Из всех платьев и халатов, которые носила герцогиня Германтская, казалось, в наибольшей степени отвечали своей задаче, заключали в себе особый смысл платья, которые Фортюни[12] шил по древним рисункам Венеции. То ли их связь с историей, то ли, вернее, их неповторимость, их единственность придает позе женщины, ожидающей вас в таком платье, разговаривающей с вами, необыкновенную значительность, как если бы этот костюм являл собою плод долгого размышления или как если бы этот разговор выделялся из текущей жизни, как сцена из романа. В романах Бальзака[13], принимая посетителя, надевают туалеты с заранее обдуманным намерением. Нынешние туалеты не отличаются характерностью, за исключением платьев Фортюни. Ничего расплывчатого не должно быть в описании романиста, потому что это платье людей, существующих на самом деле, потому что малейшие подробности должны быть так же натурально изображены, как в произведении искусства. Прежде чем нарядиться, дама делает выбор между одним и другим платьем, не почти похожими, но глубоко своеобразными, которые можно было бы назвать по имени.
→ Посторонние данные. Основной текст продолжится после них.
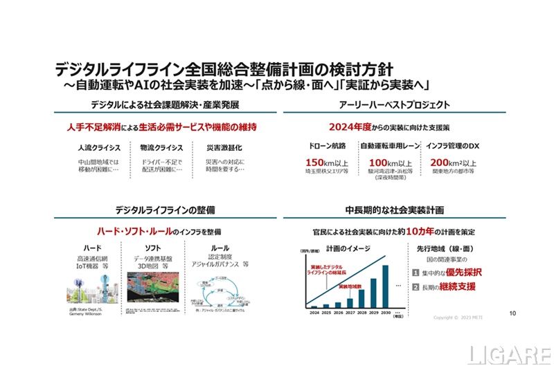 同省は、2023年度内に約10カ年のデジタルライフライン全国総合整備計画を策定している。この計画の目的は、官民で集中的に大規模な投資を行い、自動運転やAIによるイノベーションを線・面で社会実装することで働き手の賃金の向上を実現することだ。同時に、人手不足や災害激甚化といった社会課題の解決を図るという。

Но платье не мешало мне думать о самой даме. Герцогиня Германтская была мне симпатичней, чем в то время, когда я еще любил ее. Ожидая от нее меньшего, замечая, что и она не собирается идти дальше, я с почти бесцеремонным спокойствием, какое приходит, когда мужчина с женщиной остаются вдвоем, поставив ноги на каминную подставку, слушал ее так, будто читал книгу, написанную на старинном языке. Во мне было достаточно свободомыслия, чтобы ощутить в том, что она говорила, французское изящество в таком чистом виде, в каком его уже не встретишь ни в современной устной, ни в письменной речи. Я слушал ее речь, как слушают народную песню, полную чисто французской прелести; я понимал, почему она посмеивалась над Метерлинком (которого она теперь обожала по нестойкости женского ума, чувствительного к запоздалым лучам литературной моды), как понимал, почему Мериме посмеивался над Бодлером[14], Стендаль над Бальзаком[15], Поль-Луи Курье над Виктором Гюго[16], Мейлак над Малларме[17]. Я отлично понимал, что насмешник издевается над чем-то совершенно определенным и что язык у него чище. Герцогиня Германтская говорила почти таким же обворожительным языком, как мать Сен-Лу. Не у теперешних унылых эпигонов, которые говорят «фактически» (вместо «в действительности»), «незаурядный» (вместо «редкостный»), «удивленный» (вместо «оцепеневший) и т. д., и т. д., можно найти старинный язык и верное произношение, но разговаривая с герцогиней Германтской или с Франсуазой; Франсуаза, когда мне было всего пять лет, научила меня говорить не Тарн, а Тар, не Беарн, а Беар. Благодаря этому, когда мне исполнилось двадцать лет, я знал, что не надо выговаривать н, как выговаривала г-жа Бонтан: «Госпожа де Беарн».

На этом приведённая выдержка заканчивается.